● TO DO
Would you print out all of the data exactly and keep the pictures out of it?

START DATA SEGMENT

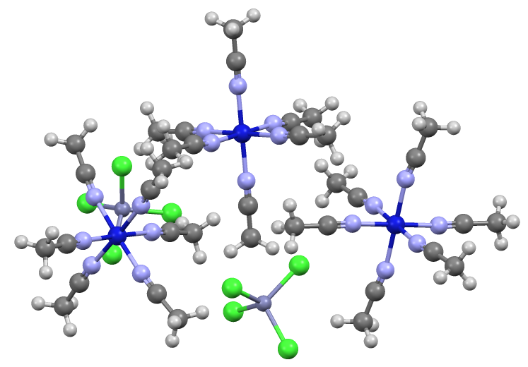 portion of the crystal structure of [Ni(MeCN)6]ZnCl4
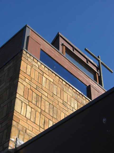 Detail of St Mary of the Angels Roman Catholic church, Camelon, Falkirk, Scotland. Designed by Gillespie, Kidd & Coia 1961.
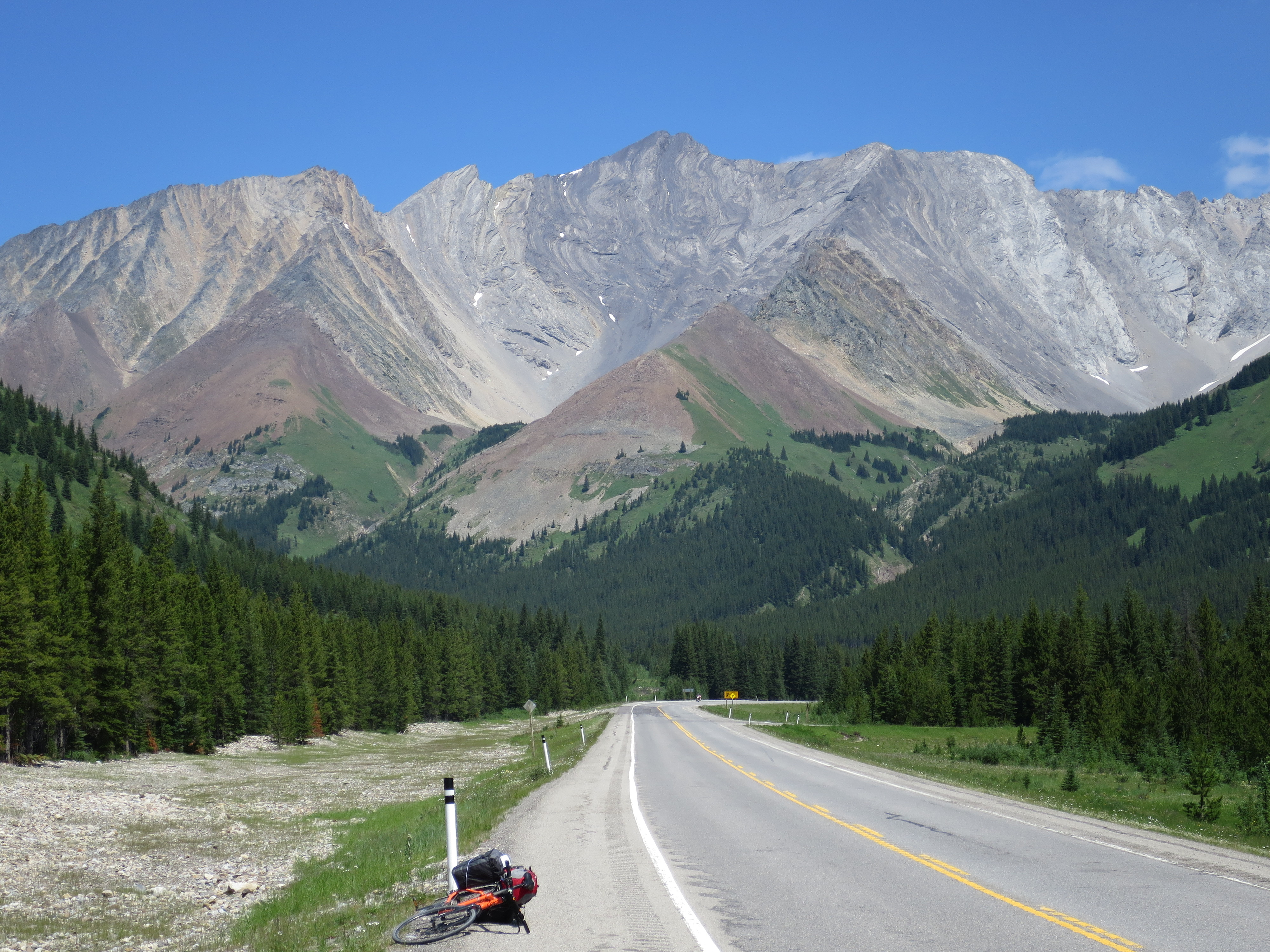 Storm Mountain (3095m, Misty Range) from the Kananaskis Trail (Alberta Highway 40, Canada), Highwood River valley, ca. 2000m, Elbow-Sheep Wildland Provincial Park, looking NNE.
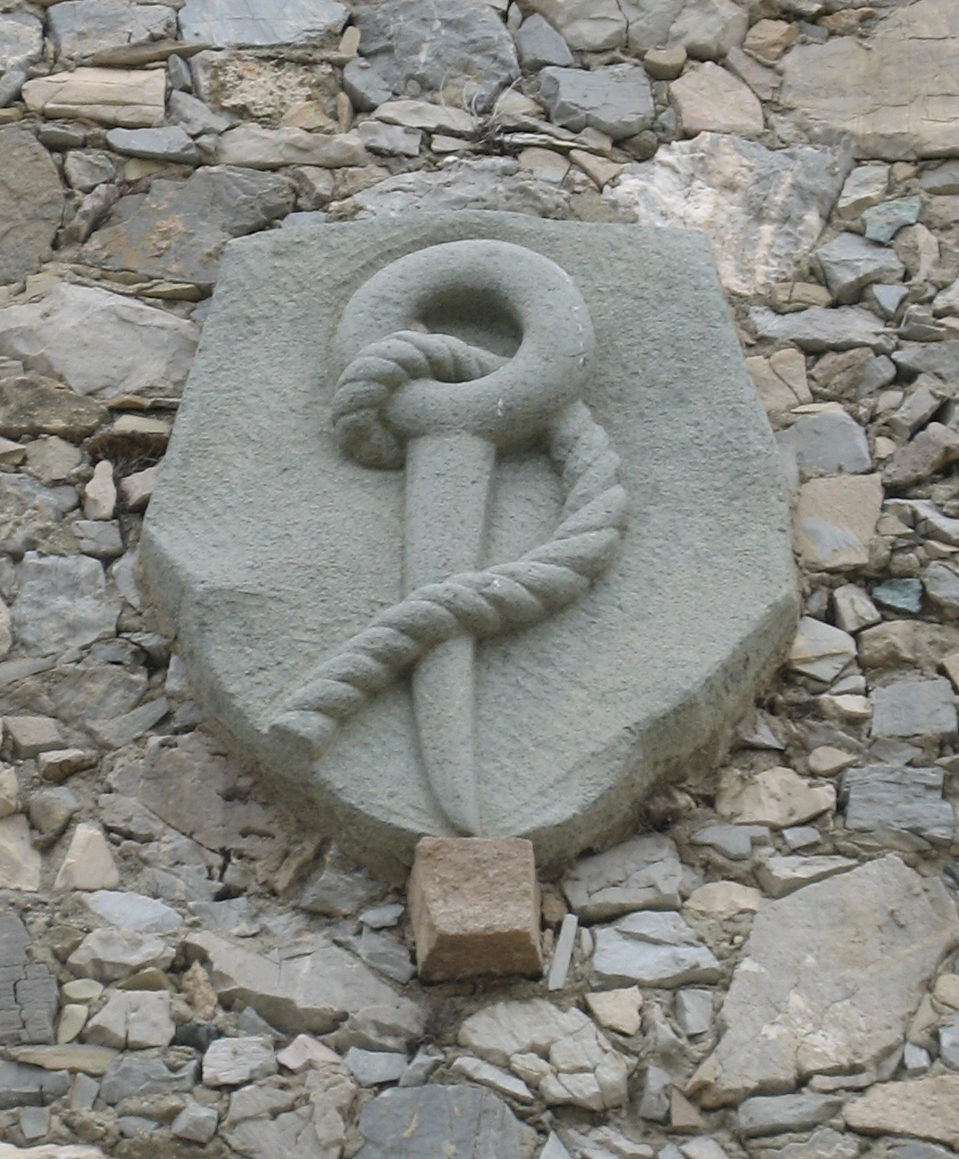 Caviglia Family Crest at the Mausoleo Del Maresciallo d'Italia Enrico Caviglia in Finale Ligure

END DATA SEGMENT

● OUTPUT OF THE EXERCISE
 portion of the crystal structure of [Ni(MeCN)6]ZnCl4
 Detail of St Mary of the Angels Roman Catholic church, Camelon, Falkirk, Scotland. Designed by Gillespie, Kidd & Coia 1961.
 Storm Mountain (3095m, Misty Range) from the Kananaskis Trail (Alberta Highway 40, Canada), Highwood River valley, ca. 2000m, Elbow-Sheep Wildland Provincial Park, looking NNE.
 Caviglia Family Crest at the Mausoleo Del Maresciallo d'Italia Enrico Caviglia in Finale Ligure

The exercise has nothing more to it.